● **WORK TO COMPLETE**
Omit images. Retype all entries verbatim.

● **DATA IN THIS EXERCISE**

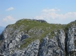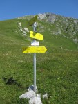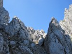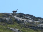 Nach 1:15 Std. und einem leichten Abstieg erreichen wir den Zlattensattel, 1746 m. Dort geht nach rechts ein Weg zum Feistringstein ab, „nur für Geübte“. Von da an gehen wir auf der Rückseite des Felswand, der Mitteralm im leichten Auf und Ab zum Einstieg des Klettersteiges. Wenn man früh genug dran ist, kann man Gämsen beobachten, wie sie einen selbst beobachten.
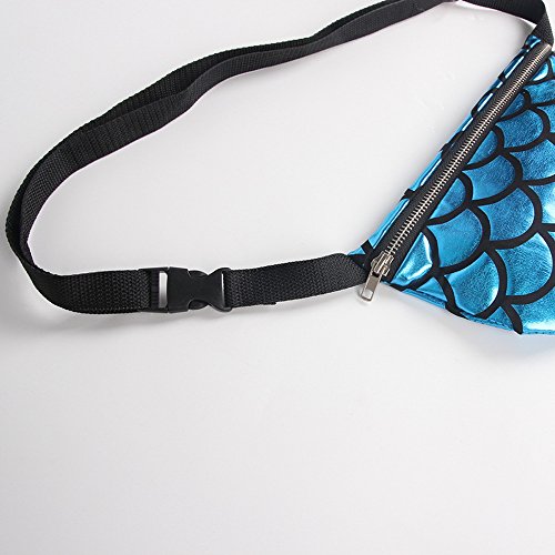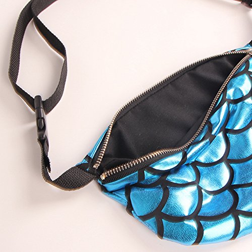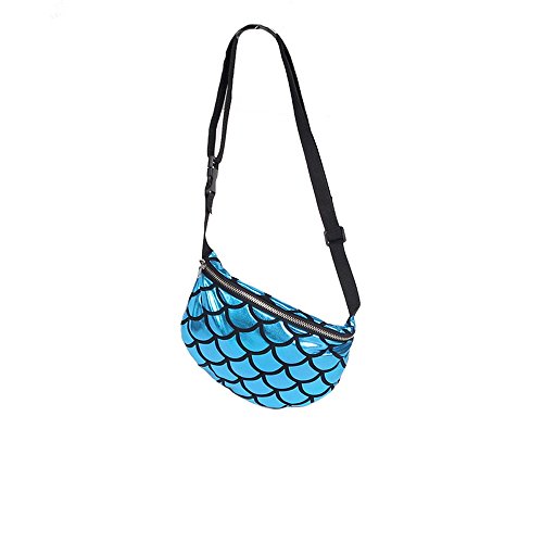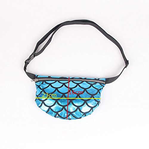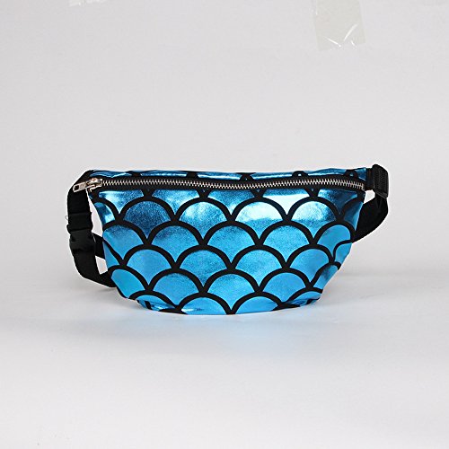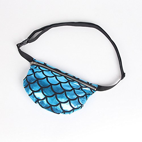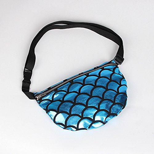 イエススポーツ レディース 人魚 鱗 ウエストバッグ ジュエリー ポーチ ショルダー 小物入れ 化粧品収納 キラキラ (ブルー)
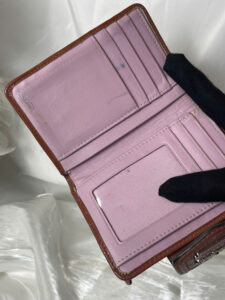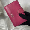 The Coach wallet in the image has a compact design, made from signature C-pattern canvas combined with brown leather trim and a fold-over flap. The front features a metallic Coach logo with a horse and carriage detail on a pink background. The wallet has a secure tab closure, offering a classic yet elegant and functional style.
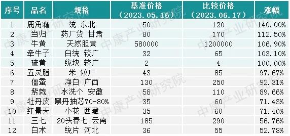 5月16日-6月17日,数据中心监控的2650个品种(包括相同品种、不同品规、不同产地、不同市场)中,上涨品种数370个,占比14%,较上期增加66个,其中5个品种涨幅翻倍(表1)。
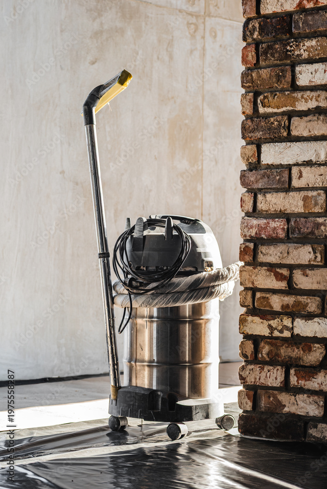 Industrial wet and dry vacuum cleaner in renovating room Professional vacuum cleaner in renovation interior for dust and debris removal #1975558287
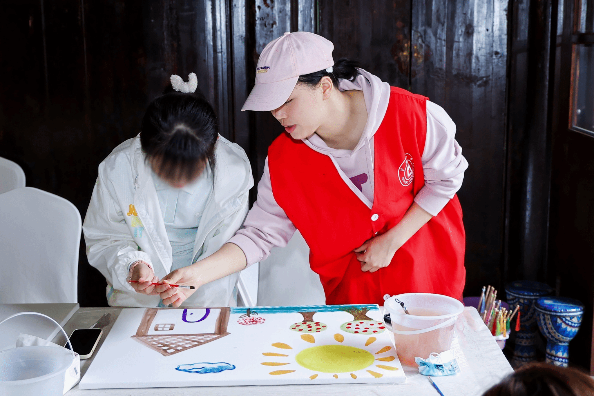 林艳副教授为孩子们精心设计了别开生面的兔宝宝造型花篮插花体验活动。在志愿者的陪护下,孩子们还参与了漆扇制作、星宝画展等丰富多彩的活动。每一件作品都凝聚着孩子们的创意与梦想,也展现了他们对美好世界的向往与追求。志愿者们还为孩子们的作品拍摄照片,生成电子明信片,为他们留下了珍贵的记忆。
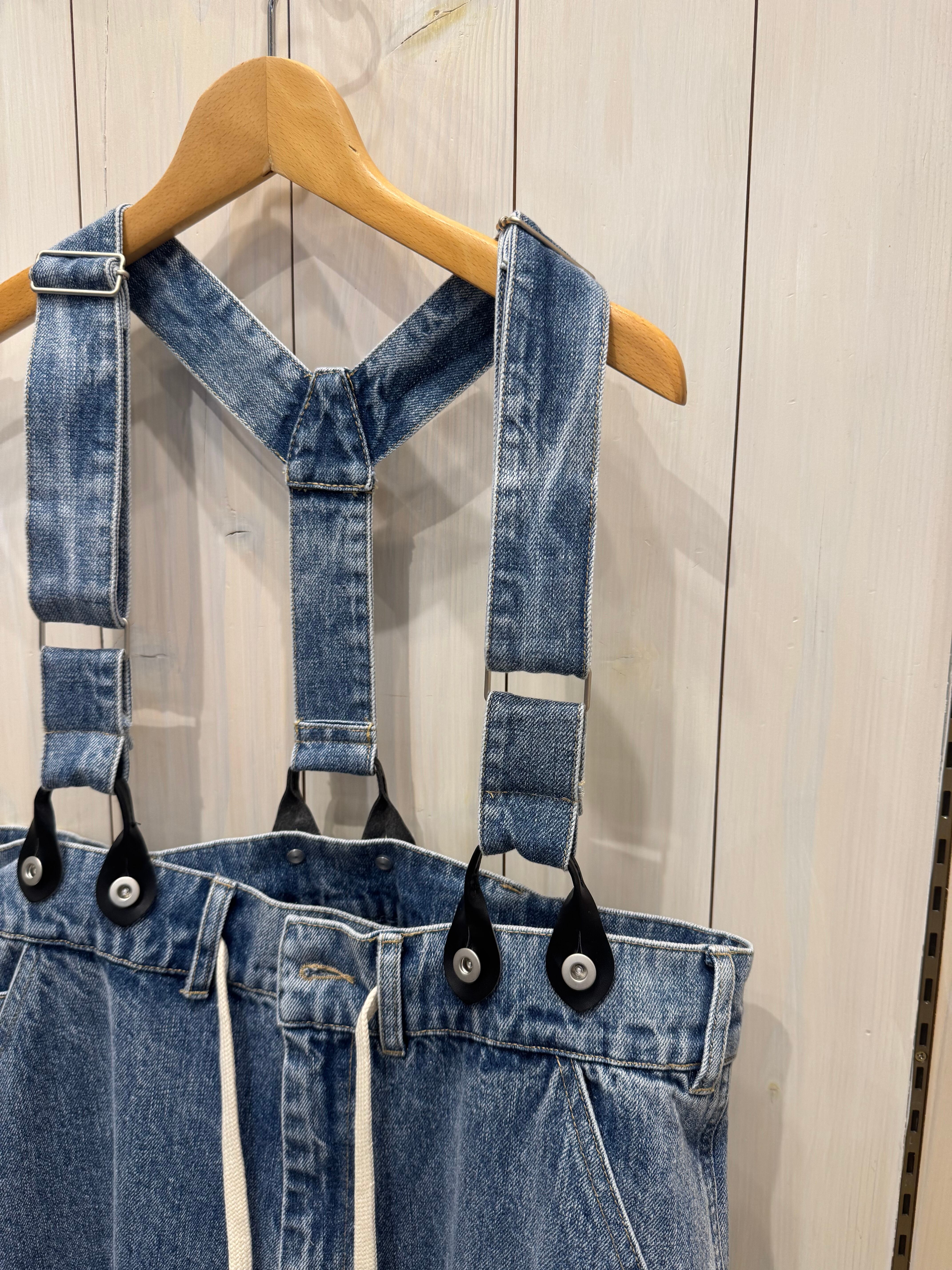ウエスト、脚周りがゆったりとしたワイドシルエットのデニムサロペット

● **EXERCISE ANSWER**
 Nach 1:15 Std. und einem leichten Abstieg erreichen wir den Zlattensattel, 1746 m. Dort geht nach rechts ein Weg zum Feistringstein ab, „nur für Geübte“. Von da an gehen wir auf der Rückseite des Felswand, der Mitteralm im leichten Auf und Ab zum Einstieg des Klettersteiges. Wenn man früh genug dran ist, kann man Gämsen beobachten, wie sie einen selbst beobachten.
 イエススポーツ レディース 人魚 鱗 ウエストバッグ ジュエリー ポーチ ショルダー 小物入れ 化粧品収納 キラキラ (ブルー)
 The Coach wallet in the image has a compact design, made from signature C-pattern canvas combined with brown leather trim and a fold-over flap. The front features a metallic Coach logo with a horse and carriage detail on a pink background. The wallet has a secure tab closure, offering a classic yet elegant and functional style.
 5月16日-6月17日,数据中心监控的2650个品种(包括相同品种、不同品规、不同产地、不同市场)中,上涨品种数370个,占比14%,较上期增加66个,其中5个品种涨幅翻倍(表1)。
 Industrial wet and dry vacuum cleaner in renovating room Professional vacuum cleaner in renovation interior for dust and debris removal #1975558287
 林艳副教授为孩子们精心设计了别开生面的兔宝宝造型花篮插花体验活动。在志愿者的陪护下,孩子们还参与了漆扇制作、星宝画展等丰富多彩的活动。每一件作品都凝聚着孩子们的创意与梦想,也展现了他们对美好世界的向往与追求。志愿者们还为孩子们的作品拍摄照片,生成电子明信片,为他们留下了珍贵的记忆。
ウエスト、脚周りがゆったりとしたワイドシルエットのデニムサロペット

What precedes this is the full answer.